If it's just serving files you don't necessarily need DPDK/XDP. For server-grade hardware there now is P2P-DMA and TLS accelerators which can offload everything to peripherials while still using normal socket APIs. You get NVMe -(PCIe)-> crypto accelerator -(PCIe)-> ethernet for the bulk of the data.
Neither CPU nor main memory see any of the network packets as long as they stay on the happy path. Only connection setup, DMA orchestration and occasional TLS renegotiation have to be handled.
I know Chelsio has crypto directly on the NIC, but are dedicated crypto accelerator cards a thing and are they ever worth it? Why leave the CPU idle when the CPU itself is a good crypto accelerator (AES-NI, ARMv8 crypto)?
AMD Ryzen has a built-in crypto "decelerator" — a FreeBSD driver was written for the crypto engine, but it's disabled by default because it made everything slower than AES-NI. (Though I guess it would be funny to use it to mine bitcoin, since it supports SHA256. AMD — Advanced Mining Devices!)

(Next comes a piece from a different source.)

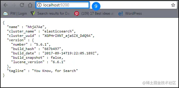 **第 IX 步:**要检查服务器是否已启动,请转到浏览器并键入 localhost:9200。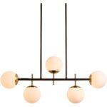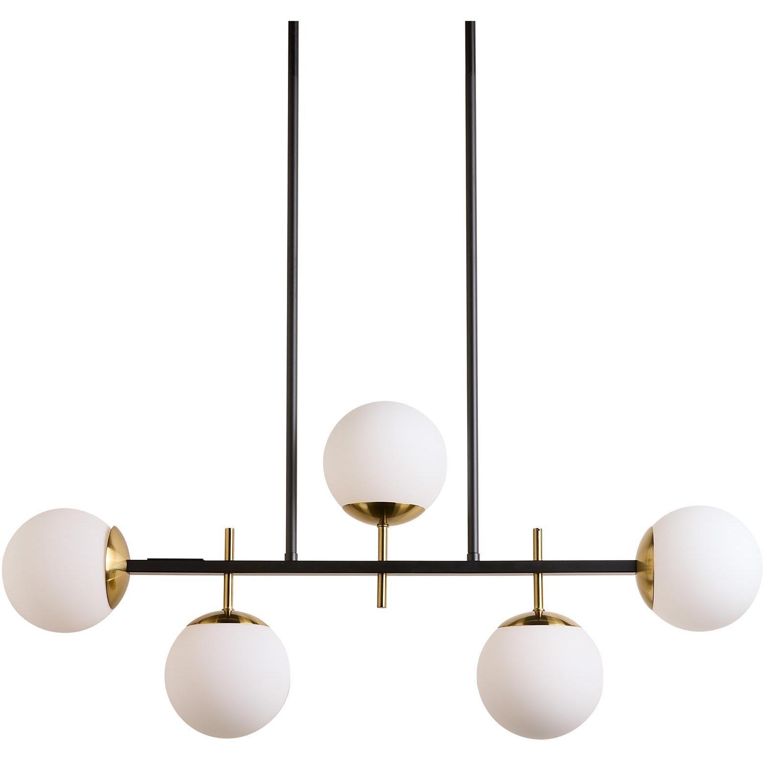 With a clean design that puts mesmerizing lines in focus, this modern chandelier is effortlessly stylish. Features five white frosted glass shades with a matte black metal frame. Accenting gold plates complete the look.

Intel has a product line called QAT ("QuickAssisT"?) that does crypto acceleration, as well as compression. I don't know how performant it is. There are definitely several older crypto accelerators that were faster than CPUs of the time; I don't know if any of them (outside of QAT) is still relevant.
The AMD Zen1 Crypto Co-Processor is indeed slower than AESNI; I think it's mostly used by stuff like SecureBoot, TPM, etc, and also used internally by the CPU to generate RDRAND/RDSEED data. It was probably never intended to be used by OS drivers and certainly not intended to be any kind of accelerator.
The part I know of that is built into the CPU is a DMA engine called I/OAT; it just does DMA and maybe basic checksum and RAID transformations. It is sometimes confused with QAT (I've personally confused the two...):
The northbridge. my understanding is that they no longer sell the discrete cards to perform these tasks, and instead offload it to chips that come on the boards.
From what I recall, the chelsio cards only support a mode of encryption suitable for storage devices, and it's not something you'd use for streaming media.
No, not true. The Chelsio card support GCM and CBC crypto in lookaside (like QAT) using the ccr(4) OCF driver, inline ("NIC TLS") with out - of - tree patches, and TLS offload in TOE mode.
Now that ktls is upstream, we are looking at using the ccr crypto acceleration. We've already tested them in inline mode. TOE is not an option for us, since we do innovation in the TCP stack.
In the work we've done, the TLS crypto of bulk data is handled entirely in the CPU by the kernel via ktls. Please see the slides, specifically the data flow diagrams.
I think he's talking about the general case (and since XDP is in the discussion, probably the general case for Linux) and not trying to speak specifically to what Netflix is doing for their CDN.
Neither CPU nor main memory see any of the network packets as long as they stay on the happy path. Only connection setup, DMA orchestration and occasional TLS renegotiation have to be handled.